Converting ABSniffer 528 dongle into nRF BLE Sniffer with CMSIS-DAP dongle on Linux

nRF52832 ABSniffer 528 USB Dongle

In order to utilize the dongle better for PineTime development purposes I decided to flash it with official Nordic BLE sniffer software available here: https://www.nordicsemi.com/Software-and-tools/Development-Tools/nRF-Sniffer-for-Bluetooth-LE

Set up CMSIS-DAP udev rules

In order to be able to access the CMSIS-DAP programming dongle without root, the correct way, you have to add a few udev rules to set the right permissions upon plug-in. This method also works with other similar programming dongles such as JLink, USBasp and similar, you just have to substitute the VID and PID values.

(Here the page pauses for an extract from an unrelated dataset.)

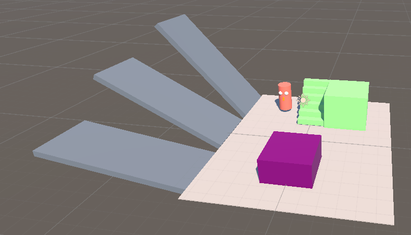 Using scaled cubes, build ramps along the edge of the world with different slopes

Open the file /etc/udev/rules.d/99-cmsis-dap.rules and add this content:

# 0d28:0204 DAPLink
SUBSYSTEM=="usb", ATTR{idVendor}=="0d28", ATTR{idProduct}=="0204", MODE:="0666"

# c251:2750 Keil ULINKplus
SUBSYSTEM=="usb", ATTR{idVendor}=="c251", ATTR{idProduct}=="2750", MODE:="0666"

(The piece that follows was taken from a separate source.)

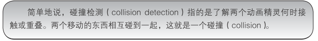 動(dòng)畫精靈模塊的spritecollide()函數(shù)用來檢測(cè)某個(gè)精靈是否與制定組的其他精靈發(fā)生碰撞,

# 1fc9:0090 NXP LPC-LinkII
SUBSYSTEM=="usb", ATTR{idVendor}=="1fc9", ATTR{idProduct}=="0090", MODE:="0666"

# c251:f001 Chinese CMSIS-DAP
SUBSYSTEM=="usb", ATTR{idVendor}=="c251", ATTR{idProduct}=="f001", MODE:="0666"

Connect CMSIS-DAP to the dongle

I used my trusty TS-80 to solder a few wires onto the dongle to get access to the programming port

CMSIS-DAP dongle attached to the dongle

Install OpenOCD

First clone the OpenOCD repository with git clone https://repo.or.cz/w/openocd.git. This is the software that controls the CMSIS-DAP in order to flash other firmware on the ABSniffer dongle.

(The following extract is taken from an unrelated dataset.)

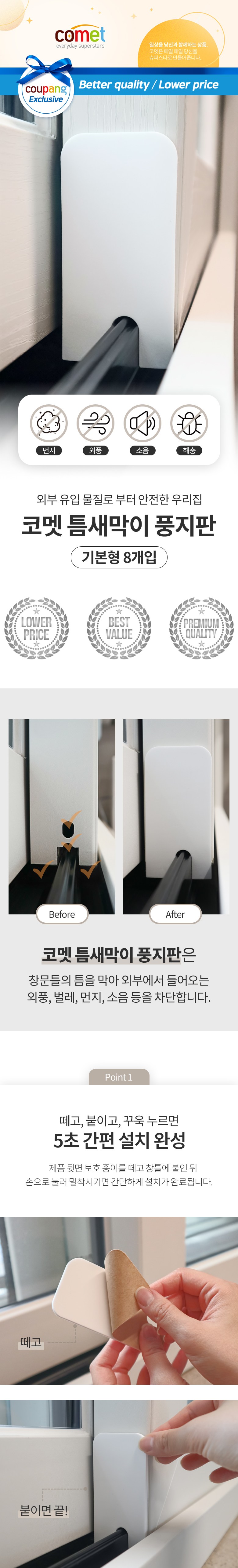 | 품명 및 모델명 | 코멧 틈새막이 풍지판 기본형 8개입 | 인증/허가 사항 | 해당없음 |

When that is completed, run ./bootstrap, that sets up everything required to configure the project. After that you can actually configure the project:

./configure --enable-aice \
    --enable-amtjtagaccel \
    --enable-armjtagew \
    --enable-cmsis-dap \
    --enable-dummy \
    --enable-ftdi \
    --enable-gw16012 \
    --enable-jlink \
    --enable-jtag_vpi \
    --enable-opendous \
    --enable-openjtag_ftdi \
    --enable-osbdm \
    --enable-legacy-ft2232_libftdi \
    --enable-parport \
    --disable-parport-ppdev \
    --enable-parport-giveio \
    --enable-presto_libftdi \
    --enable-remote-bitbang \
    --enable-rlink \
    --enable-stlink \
    --enable-ti-icdi \
    --enable-ulink \
    --enable-usb-blaster-2 \
    --enable-usb_blaster_libftdi \
    --enable-usbprog \
    --enable-vsllink

If you get the error that libusb is missing then install libusb-dev with sudo apt install libusb-dev, this guide is assuming you're on Debian or Ubuntu.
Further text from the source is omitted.